§ What you have to do
Line by line, return the listing exactly, without any of the images.
++++++++
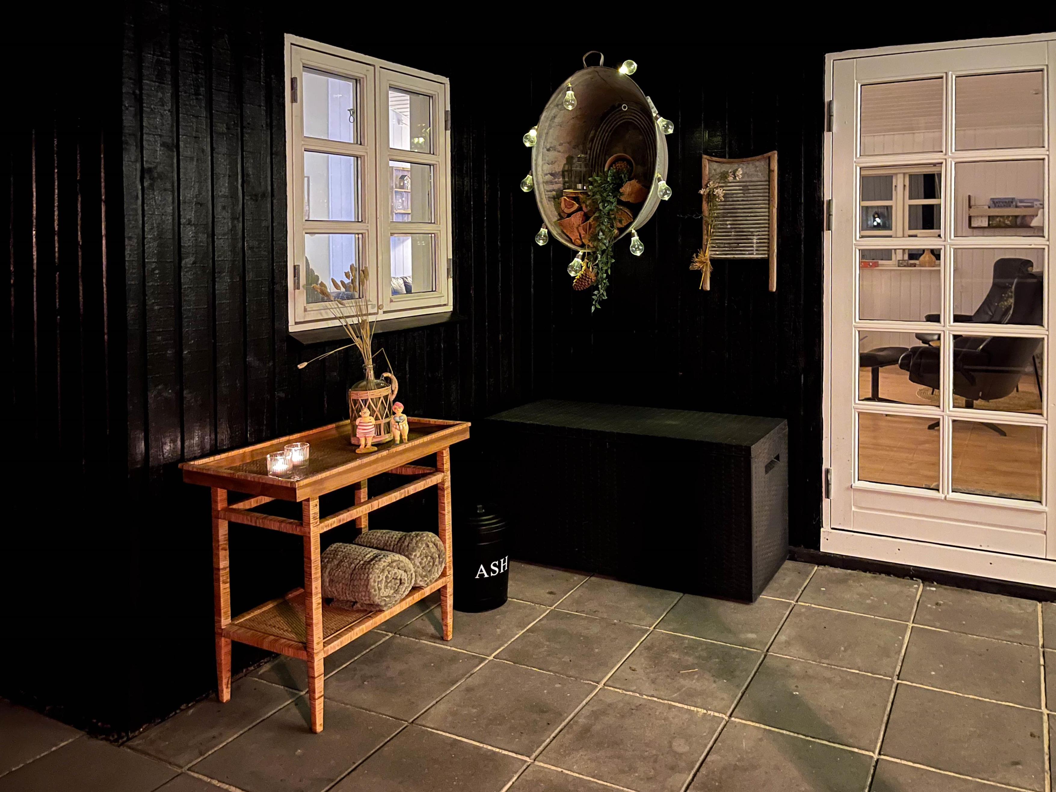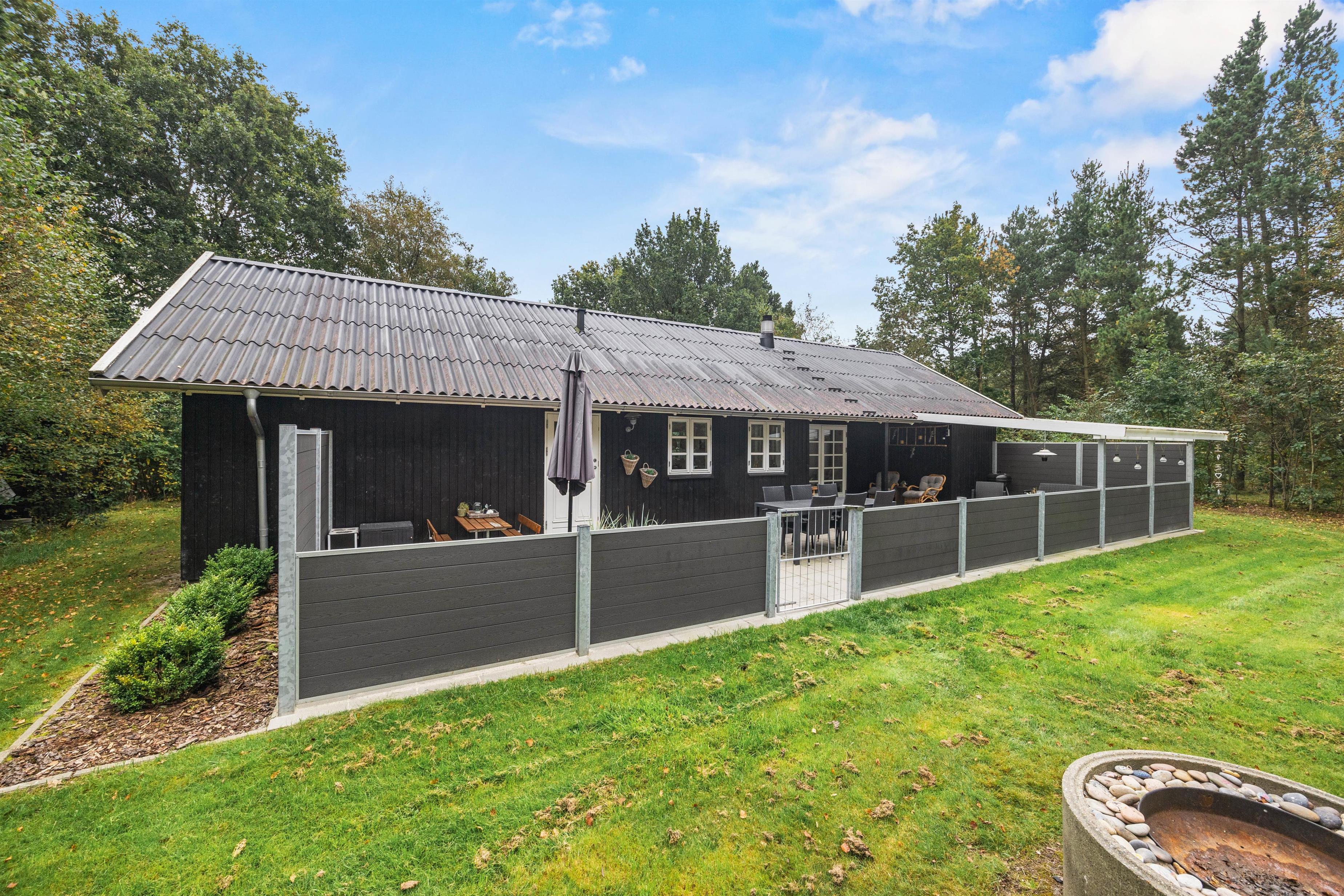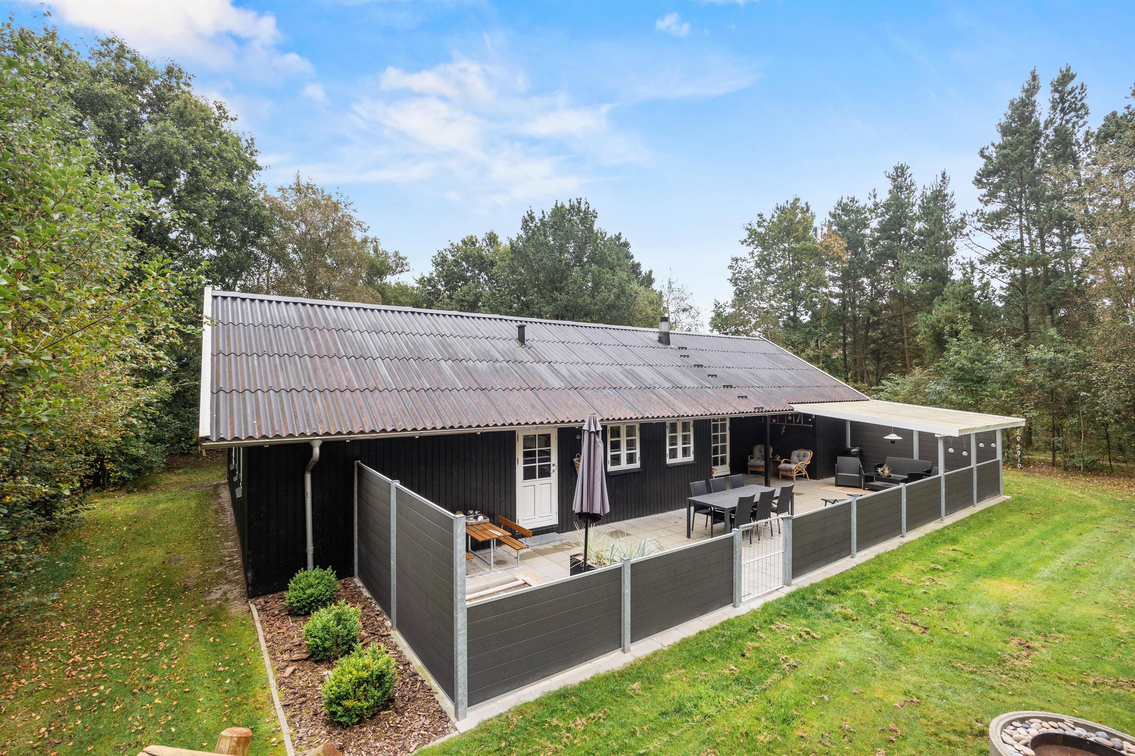 Efter en dag i solen er der intet bedre end at samles på den overdækkede terrasse. Her finder I også havemøbler, så I kan nyde lækre feriemåltider udendørs, mens hunden trygt kan lege på den lukkede terrasse.
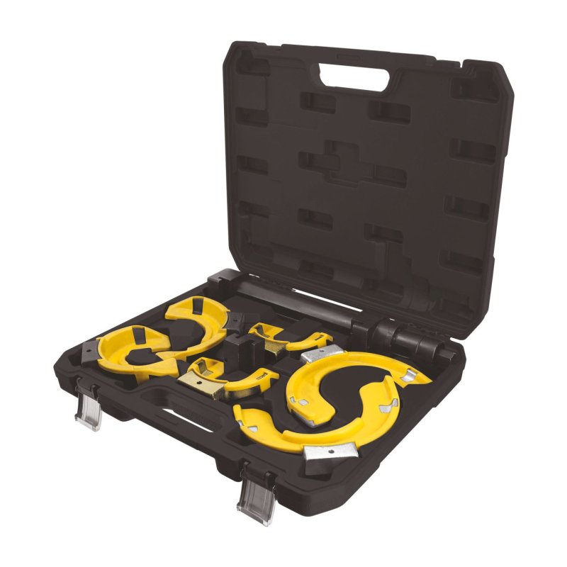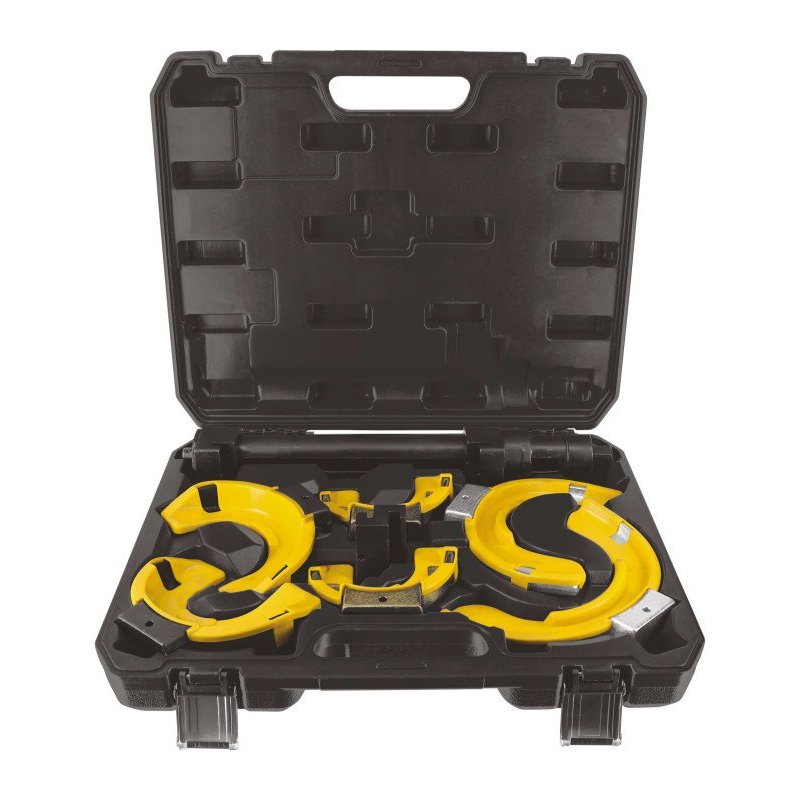 Ce coffret de 26 pièces est conçu pour le montage et le démontage précis des silent-blocs et roulements. Il comprend 4 tiges de pression équipées de butées à billes pour réduire l'effort, ainsi qu'une large gamme de douilles robustes adaptées à différents diamètres. Les plaques d'appui et de pression assurent un maintien sécurisé lors des interventions. Solide et complet, ce kit professionnel facilite les opérations de maintenance et garantit un travail fiable et efficace.
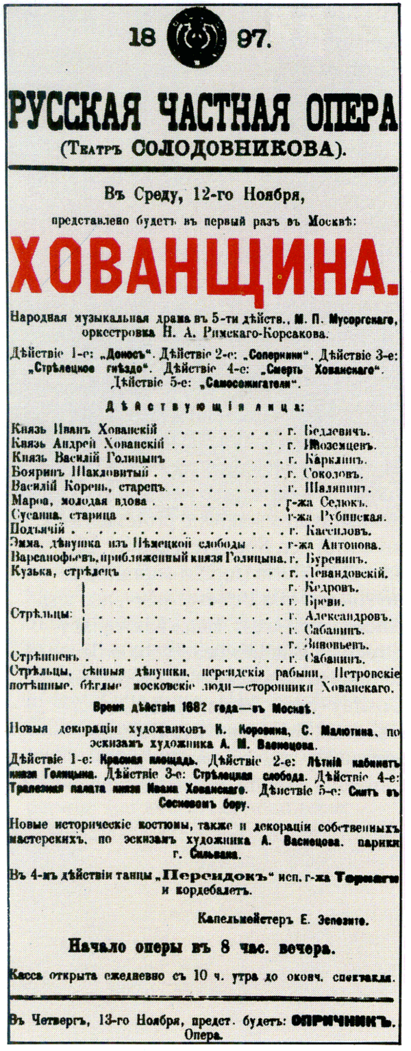 В XIX веке полномасштабные постановки опер Мусоргского были чрезвычайно редки. Опера «Борис Годунов» была поставлена в 1888 г. на сцене московского Большого театра. В конце ноября 1896 г. она же была поставлена в Петербурге на сцене Большой залы Музыкального общества (новое здание Консерватории) при участии членов «Общества музыкальных собраний». Первое исполнение «Хованщины» состоялось в 1886 году в Петербурге, в зале Кононова[31], силами любительского Музыкально-драматического кружка. На профессиональной оперной сцене «Хованщина» была поставлена впервые в 1897 г. в Русской частной опере Мамонтова (на сцене Театра Солодовникова, с участием Ф. И. Шаляпина).
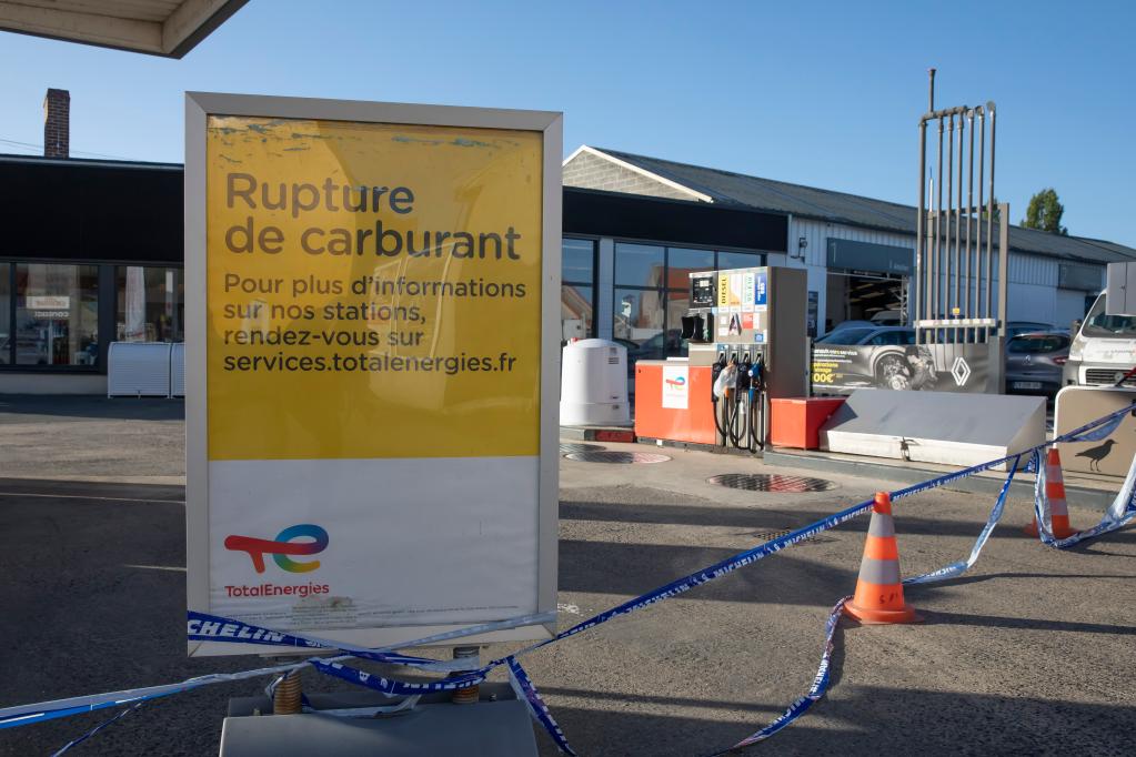 這是10月6日在法國北部上法蘭西大區萊斯特朗鎮拍攝的一處因燃油供應中斷而暫時(shí)關(guān)閉的道達爾集團旗下的加油站。新華社發(fā)(塞巴斯蒂安·庫爾吉攝)
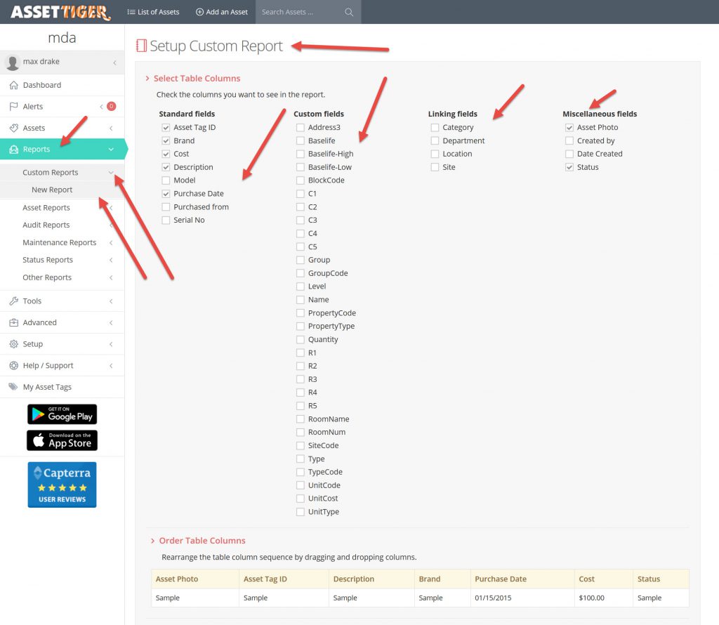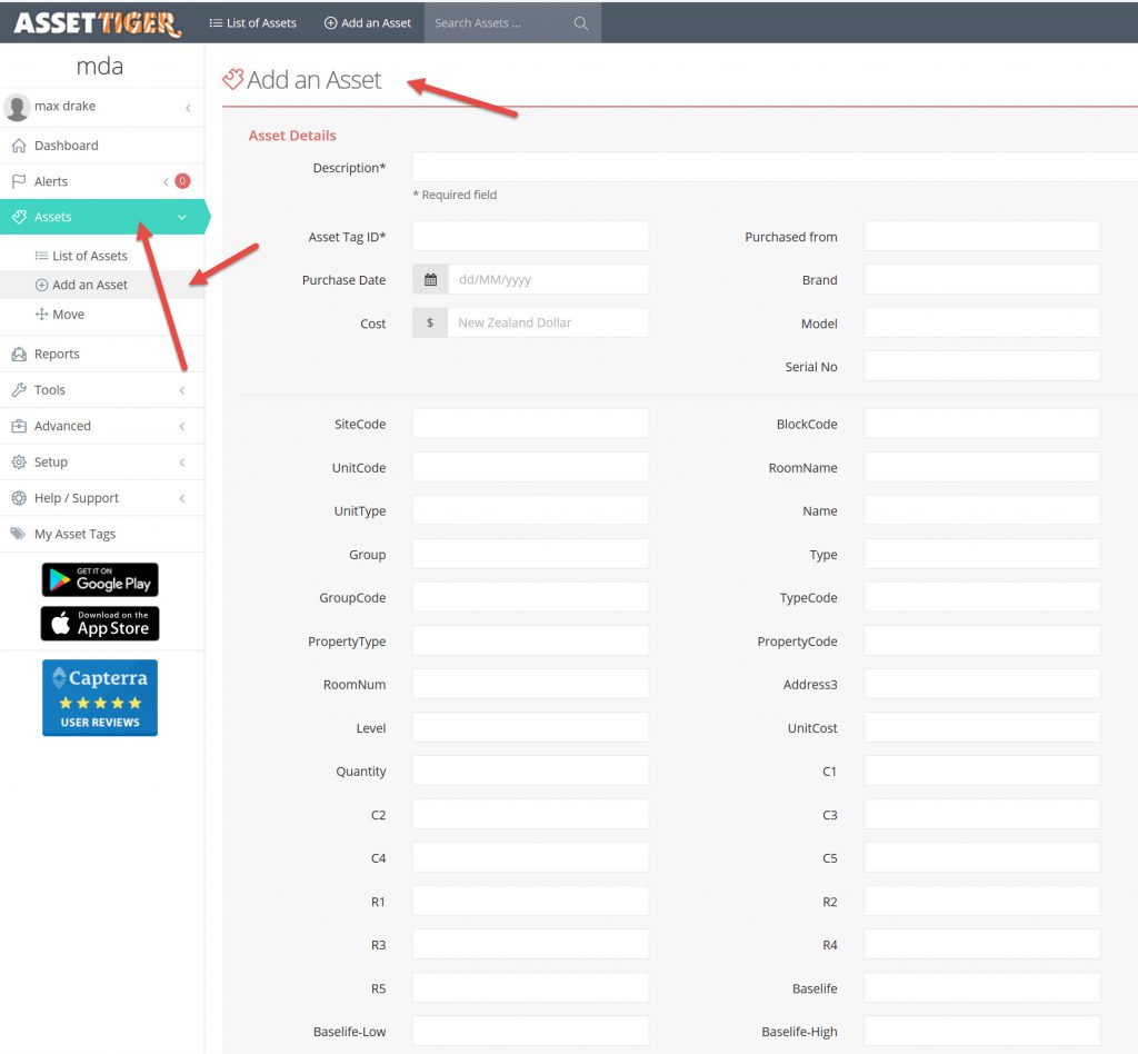Asset Tiger is really an Asset Register and you can do a couple of simple things with it such as Maintenance Scheduling, Warranties management and Barcode scanning and Ability to track assets by asset tag, id, person, location, area, category, department, warranty. It also has a nice reporting tool too, you can even automate it to send you the reports by email daily or at other periods. A nice feature.
++++++++
§ Reply
 Efter en dag i solen er der intet bedre end at samles på den overdækkede terrasse. Her finder I også havemøbler, så I kan nyde lækre feriemåltider udendørs, mens hunden trygt kan lege på den lukkede terrasse.
 Ce coffret de 26 pièces est conçu pour le montage et le démontage précis des silent-blocs et roulements. Il comprend 4 tiges de pression équipées de butées à billes pour réduire l'effort, ainsi qu'une large gamme de douilles robustes adaptées à différents diamètres. Les plaques d'appui et de pression assurent un maintien sécurisé lors des interventions. Solide et complet, ce kit professionnel facilite les opérations de maintenance et garantit un travail fiable et efficace.
 В XIX веке полномасштабные постановки опер Мусоргского были чрезвычайно редки. Опера «Борис Годунов» была поставлена в 1888 г. на сцене московского Большого театра. В конце ноября 1896 г. она же была поставлена в Петербурге на сцене Большой залы Музыкального общества (новое здание Консерватории) при участии членов «Общества музыкальных собраний». Первое исполнение «Хованщины» состоялось в 1886 году в Петербурге, в зале Кононова[31], силами любительского Музыкально-драматического кружка. На профессиональной оперной сцене «Хованщина» была поставлена впервые в 1897 г. в Русской частной опере Мамонтова (на сцене Театра Солодовникова, с участием Ф. И. Шаляпина).
 這是10月6日在法國北部上法蘭西大區萊斯特朗鎮拍攝的一處因燃油供應中斷而暫時(shí)關(guān)閉的道達爾集團旗下的加油站。新華社發(fā)(塞巴斯蒂安·庫爾吉攝)
Asset Tiger is really an Asset Register and you can do a couple of simple things with it such as Maintenance Scheduling, Warranties management and Barcode scanning and Ability to track assets by asset tag, id, person, location, area, category, department, warranty. It also has a nice reporting tool too, you can even automate it to send you the reports by email daily or at other periods. A nice feature.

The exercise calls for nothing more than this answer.